### Your task
Exact copy, no pictures: return all the data below as written.

### Source data

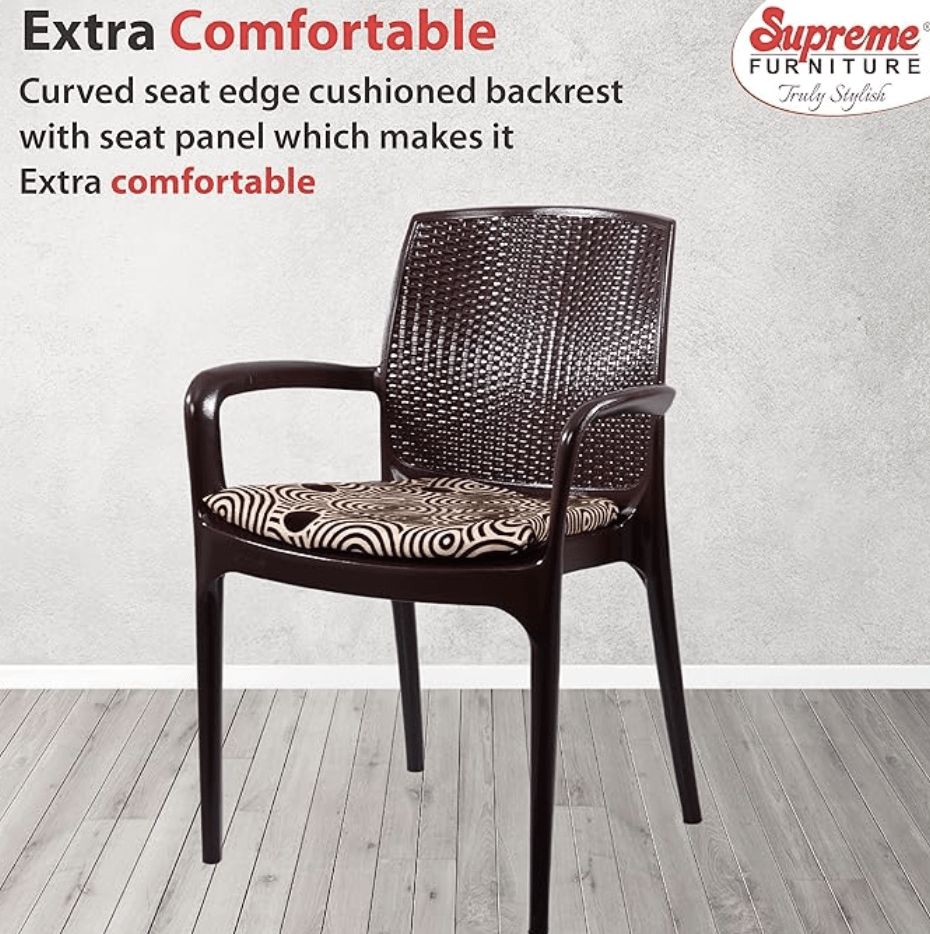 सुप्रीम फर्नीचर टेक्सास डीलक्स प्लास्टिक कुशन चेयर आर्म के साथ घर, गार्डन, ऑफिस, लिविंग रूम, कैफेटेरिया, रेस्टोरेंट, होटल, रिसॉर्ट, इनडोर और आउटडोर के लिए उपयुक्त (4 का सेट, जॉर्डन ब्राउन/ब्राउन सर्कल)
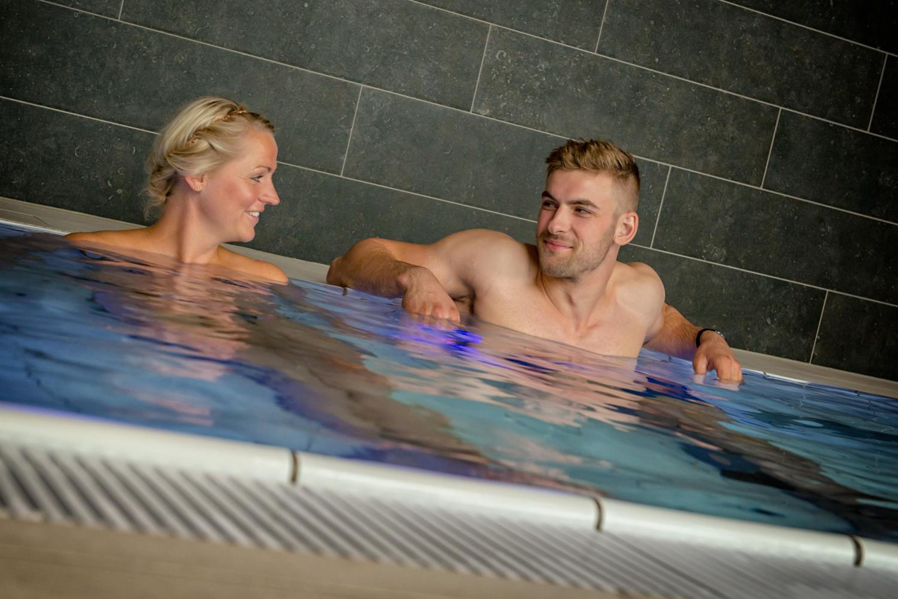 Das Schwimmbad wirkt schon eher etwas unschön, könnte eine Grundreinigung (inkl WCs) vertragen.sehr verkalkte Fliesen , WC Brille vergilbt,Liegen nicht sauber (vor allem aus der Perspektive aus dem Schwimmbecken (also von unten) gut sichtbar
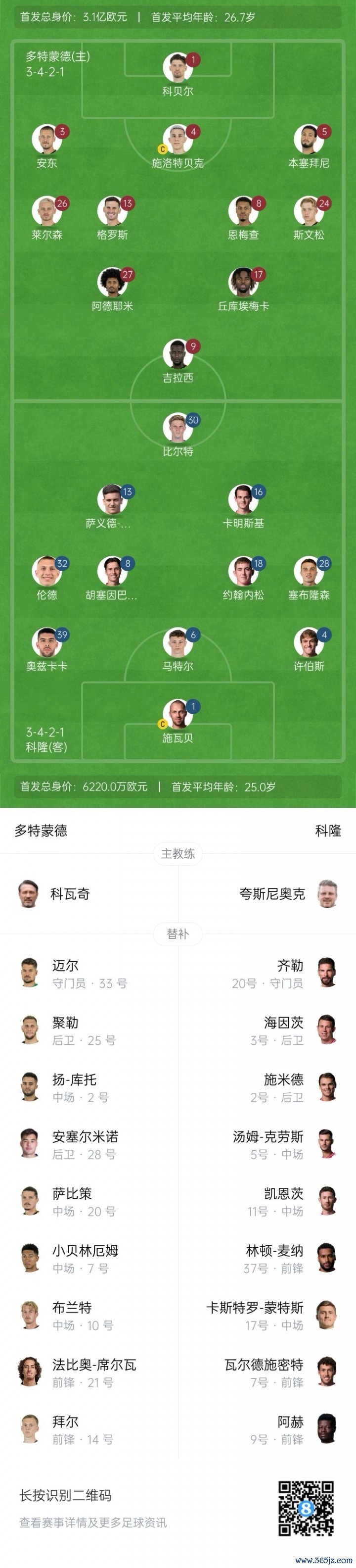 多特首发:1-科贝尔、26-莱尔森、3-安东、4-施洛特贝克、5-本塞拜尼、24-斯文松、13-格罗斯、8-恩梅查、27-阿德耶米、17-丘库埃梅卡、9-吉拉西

### Your response
 सुप्रीम फर्नीचर टेक्सास डीलक्स प्लास्टिक कुशन चेयर आर्म के साथ घर, गार्डन, ऑफिस, लिविंग रूम, कैफेटेरिया, रेस्टोरेंट, होटल, रिसॉर्ट, इनडोर और आउटडोर के लिए उपयुक्त (4 का सेट, जॉर्डन ब्राउन/ब्राउन सर्कल)
 Das Schwimmbad wirkt schon eher etwas unschön, könnte eine Grundreinigung (inkl WCs) vertragen.sehr verkalkte Fliesen , WC Brille vergilbt,Liegen nicht sauber (vor allem aus der Perspektive aus dem Schwimmbecken (also von unten) gut sichtbar
 多特首发:1-科贝尔、26-莱尔森、3-安东、4-施洛特贝克、5-本塞拜尼、24-斯文松、13-格罗斯、8-恩梅查、27-阿德耶米、17-丘库埃梅卡、9-吉拉西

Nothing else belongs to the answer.